Comment 8 Giuseppe Scrivano 2019-09-02 13:19:13 UTC
opened a PR here: https://github.com/containers/libpod/pull/3922

The error you are seeing is coming from exec.  It is a known issue with joining an existing cgroups v2, and I am still unsure how to fix it correctly.  Basically, we cannot join the initial cgroup path as it will have sub directories, so we will need to join a subdirectory.
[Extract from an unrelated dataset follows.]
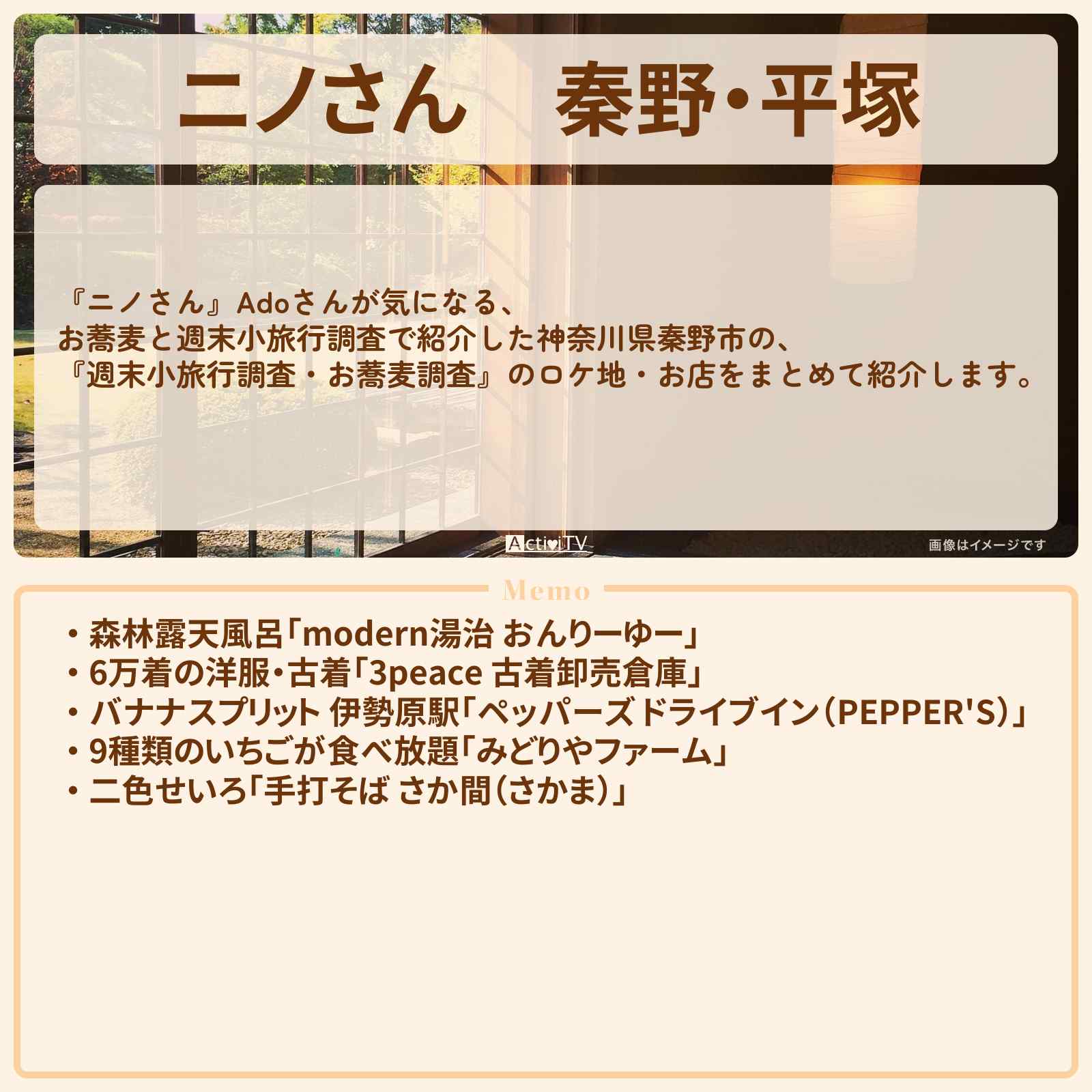 大自然の温泉のmodern湯治 おんりーゆー、6万着の古着の3peace、巨大スイーツのPEPPERS DRIVE-IN、9種いちご食べ放題のみどりやファーム、最後に2種類のそばを食べ比べできる手打そば さか間を宮下草薙が巡りました。

Comment 9 Giuseppe Scrivano 2019-09-02 13:42:48 UTC
also opened a PR for crun to address the exec issue: https://github.com/containers/crun/pull/81

Comment 10 Fedora Update System 2019-09-11 21:55:12 UTC
FEDORA-2019-e53d9e7494 has been submitted as an update to Fedora 31. https://bodhi.fedoraproject.org/updates/FEDORA-2019-e53d9e7494

Comment 11 Fedora Update System 2019-09-12 14:44:54 UTC
crun-0.9-1.fc31 has been pushed to the Fedora 31 testing repository. If problems still persist, please make note of it in this bug report.
See https://fedoraproject.org/wiki/QA:Updates_Testing for
instructions on how to install test updates.
You can provide feedback for this update here: https://bodhi.fedoraproject.org/updates/FEDORA-2019-e53d9e7494

Comment 12 Fedora Update System 2019-09-13 14:45:46 UTC
FEDORA-2019-f73801f1f2 has been submitted as an update to Fedora 31. https://bodhi.fedoraproject.org/updates/FEDORA-2019-f73801f1f2

Comment 13 Fedora Update System 2019-09-14 01:40:34 UTC
crun-0.9.1-1.fc31 has been pushed to the Fedora 31 testing repository. If problems still persist, please make note of it in this bug report.
See https://fedoraproject.org/wiki/QA:Updates_Testing for
instructions on how to install test updates.
You can provide feedback for this update here: https://bodhi.fedoraproject.org/updates/FEDORA-2019-f73801f1f2

Comment 14 Fedora Update System 2019-09-19 14:30:14 UTC
crun-0.9.1-1.fc31 has been pushed to the Fedora 31 stable repository. If problems still persist, please make note of it in this bug report.